Bauchaorten-Aneurysma-Screening: Was Sie wissen sollten
Basierend auf internationalen klinischen Leitlinien
Übersicht
Ein Bauchaortenaneurysma ist eine krankhafte Ausweitung der Hauptschlagader (Aorta) im Bauchraum. Das Screening ist eine schmerzfreie Ultraschalluntersuchung, die eine solche Ausweitung früh erkennen kann.
Wichtige Fakten
- Das Screening ist eine Ultraschalluntersuchung des Bauches.
- In Deutschland wird es für Männer ab 65 Jahren empfohlen.
- Früh erkannt, lassen sich schwere Komplikationen meist verhindern.
Bei Männern über 65 Jahren ist es nicht selten: Etwa einer von 20 Männern hat ein Bauchaortenaneurysma. Bei Frauen ist es deutlich seltener.
Es betrifft vor allem ältere Männer, Raucher und Menschen mit Bluthochdruck.
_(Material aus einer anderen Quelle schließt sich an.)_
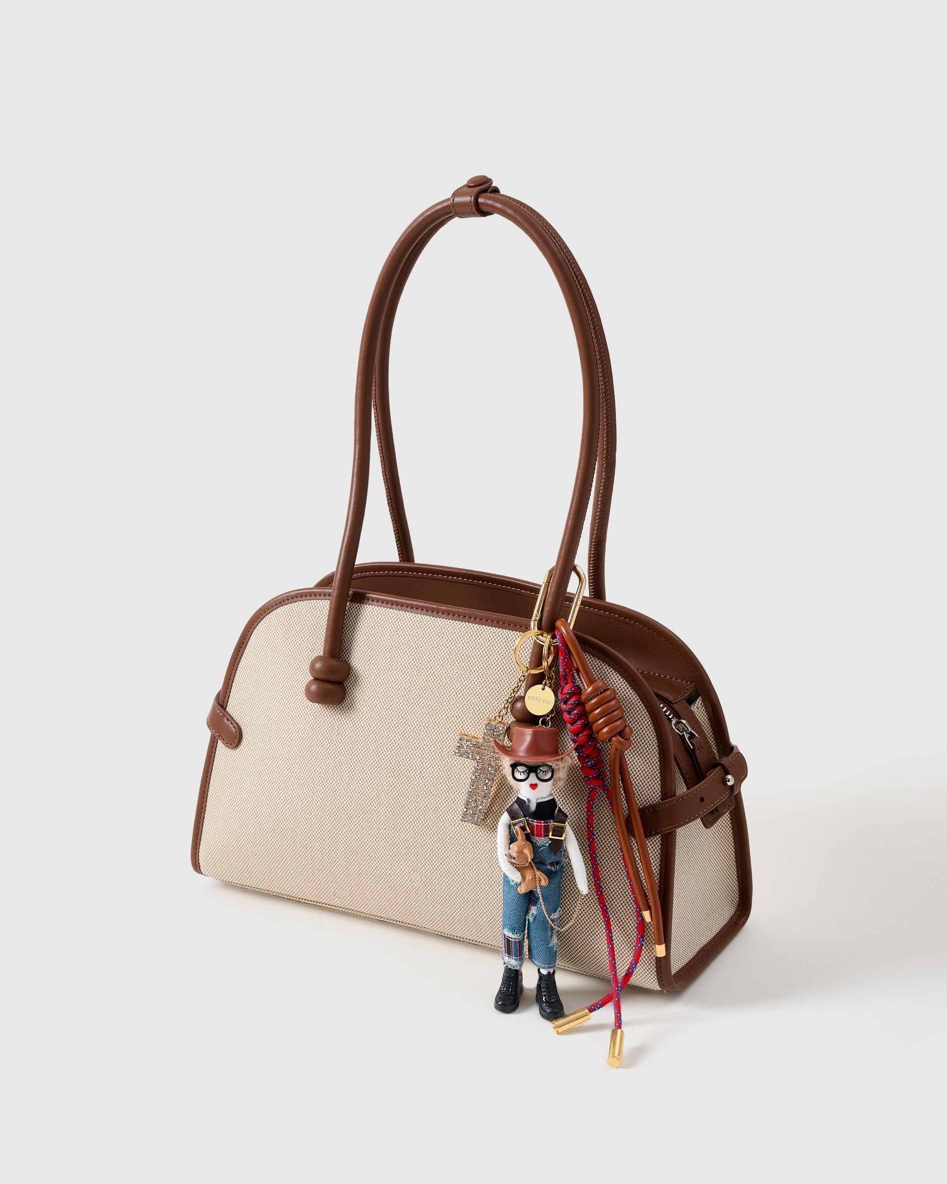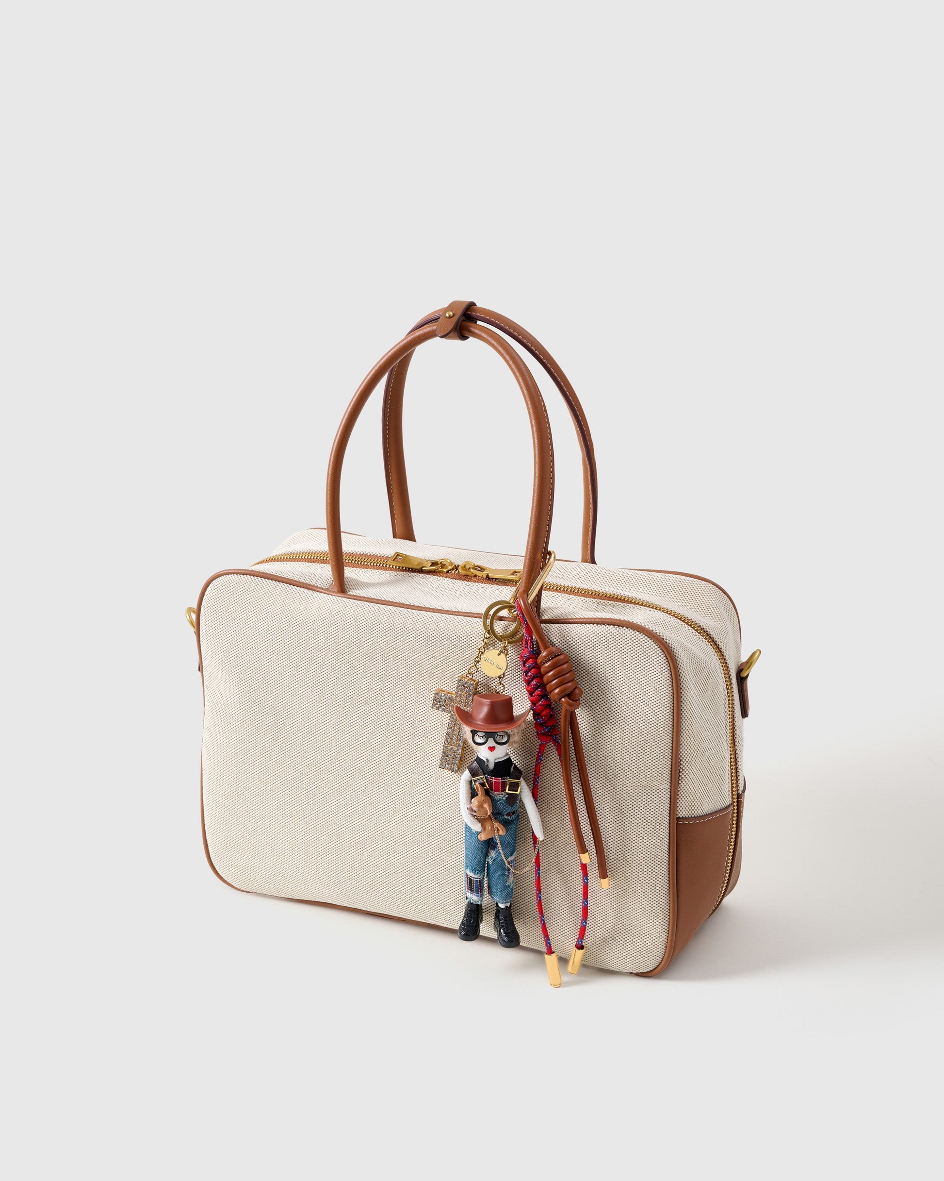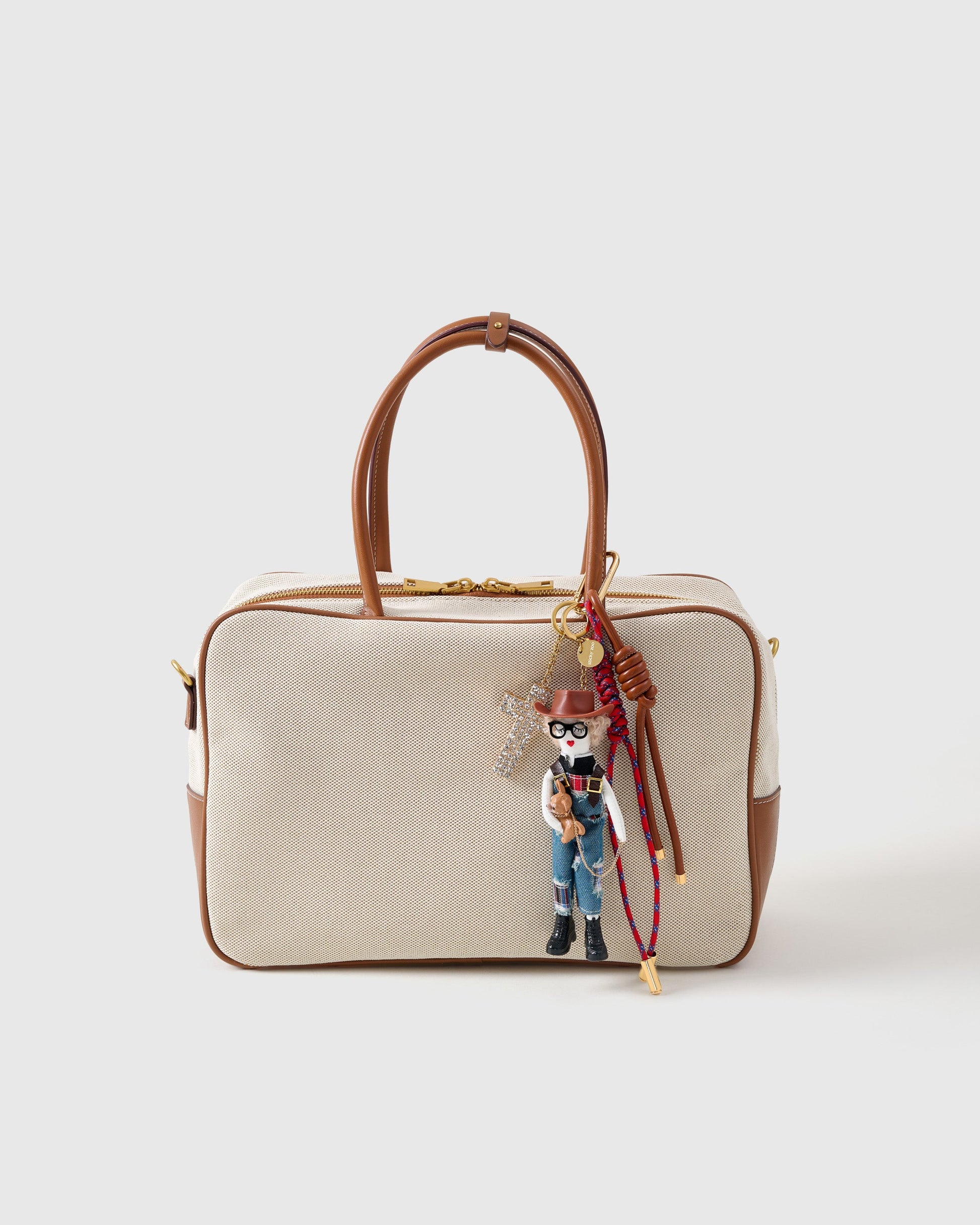 The SAINT BABE & CHIHUAHUA STACK CHARM from STICKY ZOO celebrates individuality with handcrafted flair. Featuring a denim-clad doll with patchwork overalls, mini chihuahua figure, and crystal cross pendant, this limited piece blends playful storytelling with high-fashion craftsmanship.
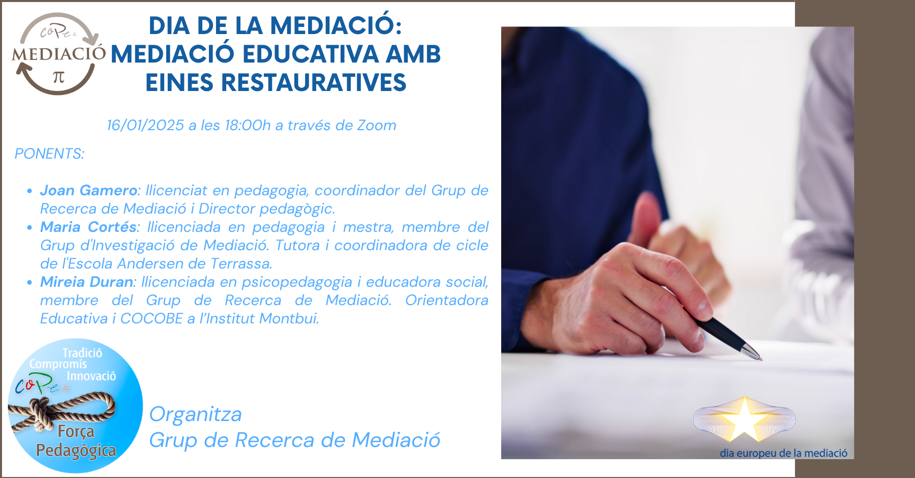 INICI > Activitats COPEC > DIA DE LA MEDIACIÓ - MEDIACIÓ EDUCATIVA AMB EINES RESTAURATIVES
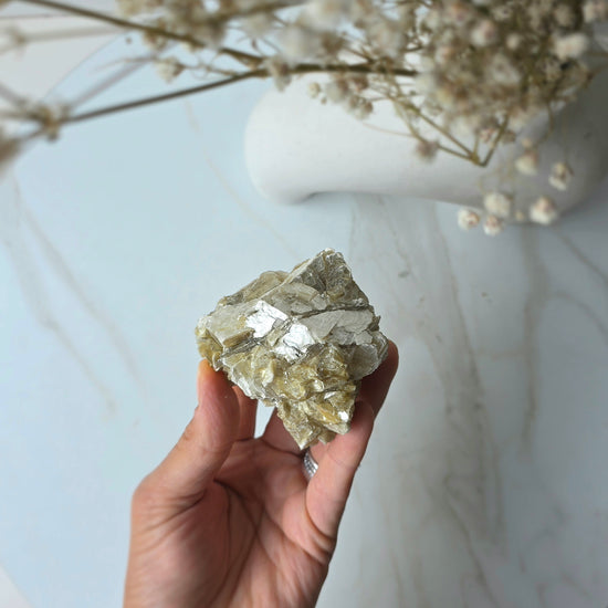 Often associated with personal power and self-worth, Golden Mica activates the solar plexus chakra, encouraging bold expression and confident action. Its radiant sheen mirrors your own inner brilliance, reminding you that your presence is meant to be seen and valued.
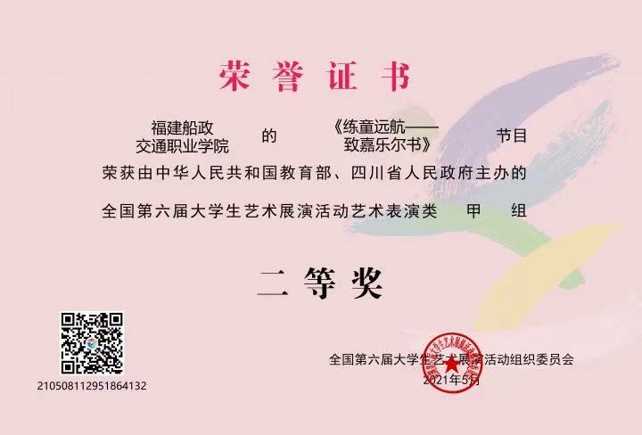 5月6日—5月13日,由教育部、四川省政府共同主辦的全國第六屆大學生藝術展演活動在成都舉行。我院舞蹈《薪傳》在全國630個藝術表演類節(jié)目中脫穎而出,榮獲藝術表演類(舞蹈)甲組一等獎,榮登閉幕式晚會舞臺!朗誦節(jié)目《練童遠航——致嘉樂爾書》榮獲表演類(朗誦)甲組二等獎。
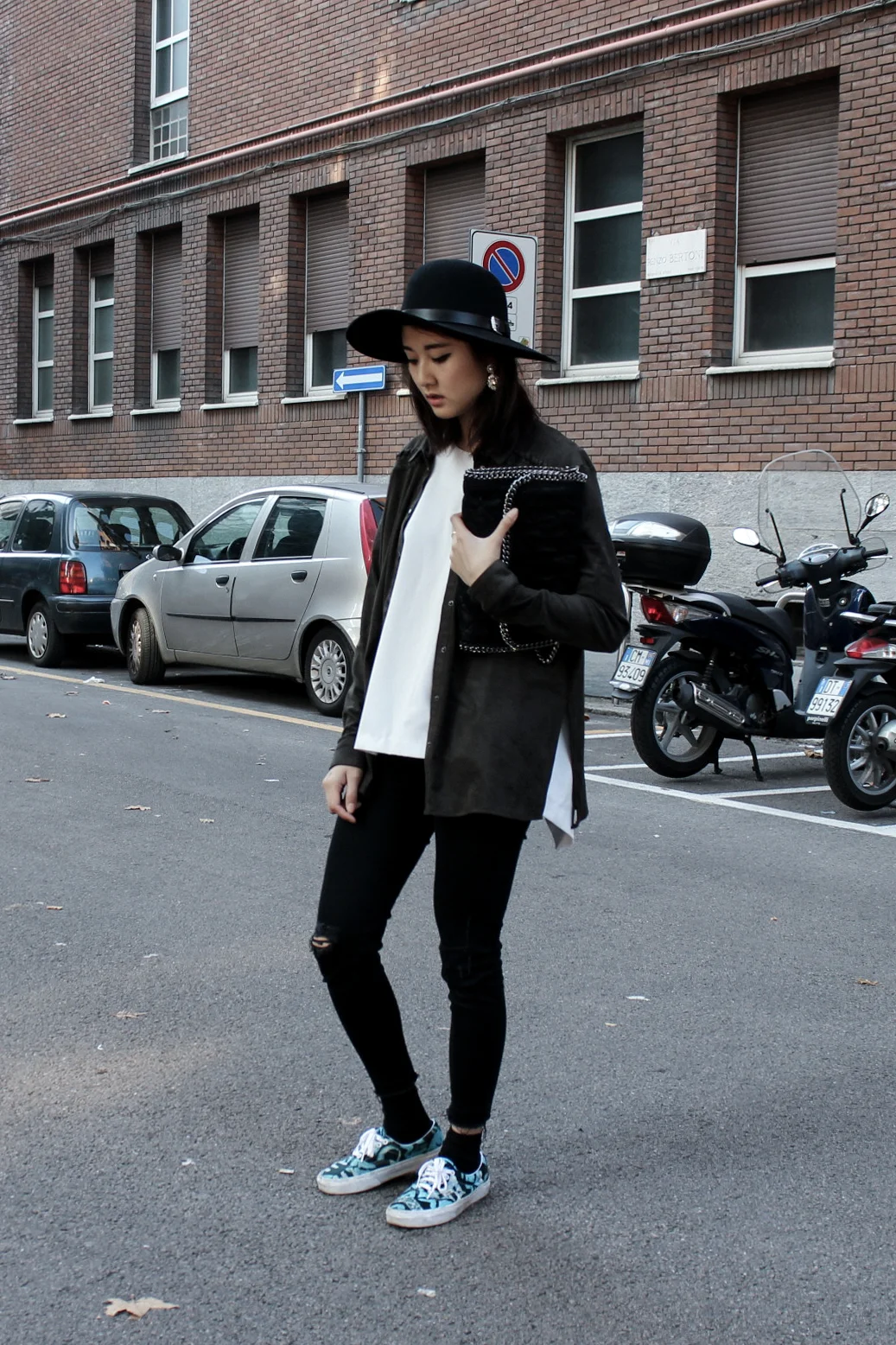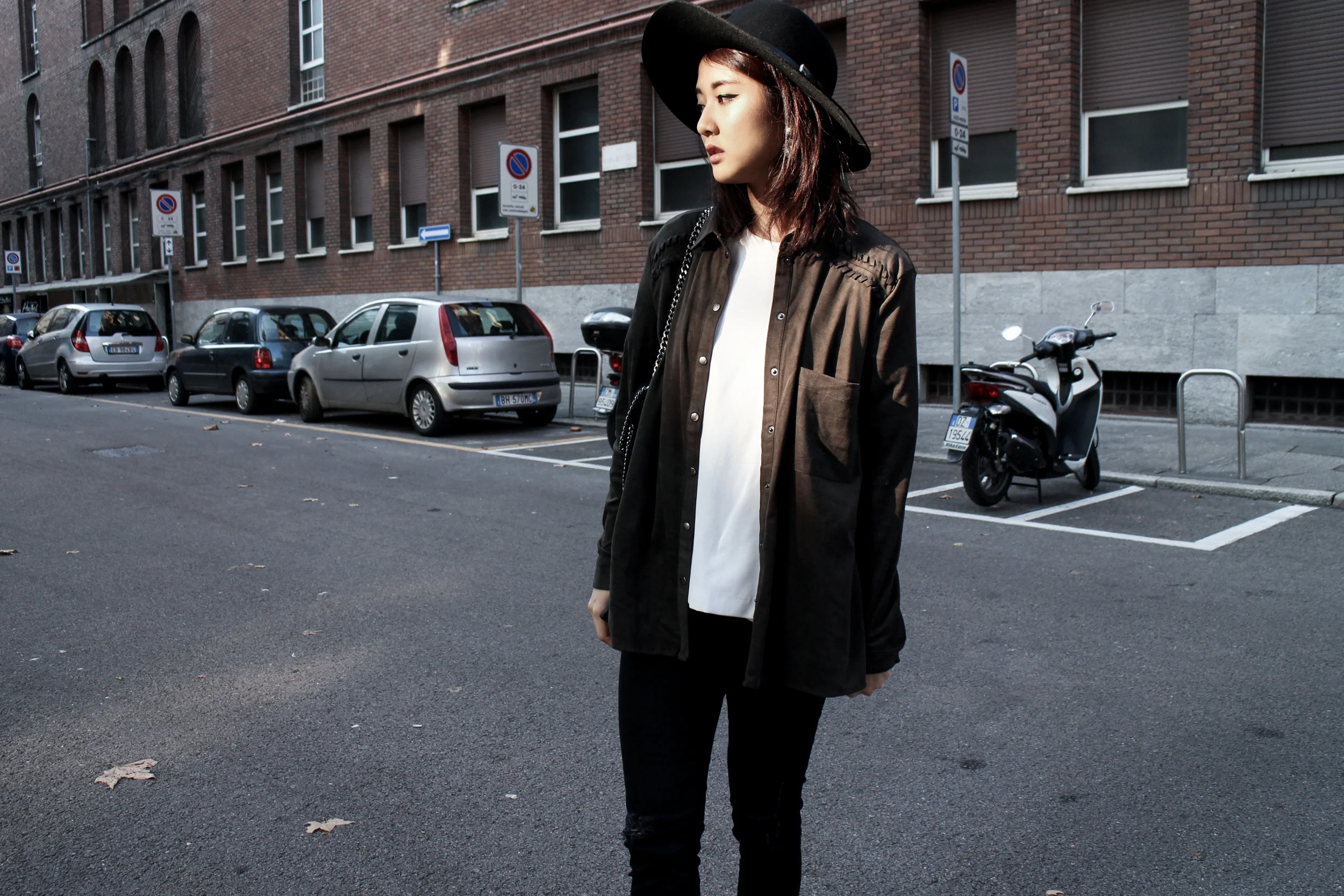 I bought this Suede shirt from Bershka, a store I usually never go into, but when in Milan, you know. Anyway, I went in without much hope, but then I saw this military green suede shirt and it was instant love. It was really very very affordable (24 Euro), and the quality looked great, so I had to go for it. I love suede and I love olive green colours.
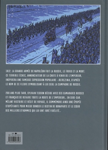 Deux siècles après la retraite de Russie, Sylvain Tesson refait la route de l'armée napoléonienne déchue... en side-car et en plein hiver. Ils sont cinq : trois Français et deux Russes. Unis par l'amitié et par un grand défi, ils décident de commémorer à leur façon le bicentenaire de la retraite de Russie : en suivant le chemin emprunté par les troupes françaises en pleine débâcle. Partis de Moscou, Sylvain Tesson et ses amis traversent l'immense Russie, la Biélorussie, la Pologne et l'Allemagne, faisant route vers Paris au guidon de leurs Oural, ces side-cars russes réputés indestructibles. En chemin, ils franchissent le fleuve Berezina, devenu au fil du temps un nom commun pour désigner les échecs les plus cuisants... Porté par la langue et l'esprit d'aventure de Sylvain Tesson, le plus fameux des écrivains voyageurs contemporains, ce récit au long cours est de nouveau dessiné par Virgile Dureuil (déjà auteur en 2019 de Dans les forêts de Sibérie en bande dessinée). A travers les multiples allers-retours entre le XIXe et le XXIe siècle, un incroyable épisode de l'histoire française est ici revisité.

Auch wenn ein Verwandter ersten Grades betroffen ist, erhöht sich Ihr Risiko.
Symptome
- Plötzlich einsetzende, sehr starke Bauch- oder Rückenschmerzen.
- Kreislaufzusammenbruch oder Bewusstlosigkeit.
- Ein pulsierender und schmerzhafter Bauch, der sich verhärtet anfühlt.
- ⚠Starke Bauchschmerzen, die nicht weggehen.
- ⚠Neu aufgetretene Rückenschmerzen ohne erkennbare Ursache.
Häufige Symptome
- Meist verursacht ein kleines Aneurysma keine Beschwerden.
- Manche Menschen spüren ein Pulsieren oder einen Druck im Bauch.
- Wenn das Aneurysma größer wird, können Rückenschmerzen oder Bauchschmerzen auftreten.
Symptome bei Kindern
- Bei Kindern kommt ein Bauchaortenaneurysma nur in sehr seltenen Einzelfällen vor.
Symptome bei älteren Erwachsenen
- Im höheren Alter wächst ein Aneurysma oft langsam und bleibt lange unbemerkt.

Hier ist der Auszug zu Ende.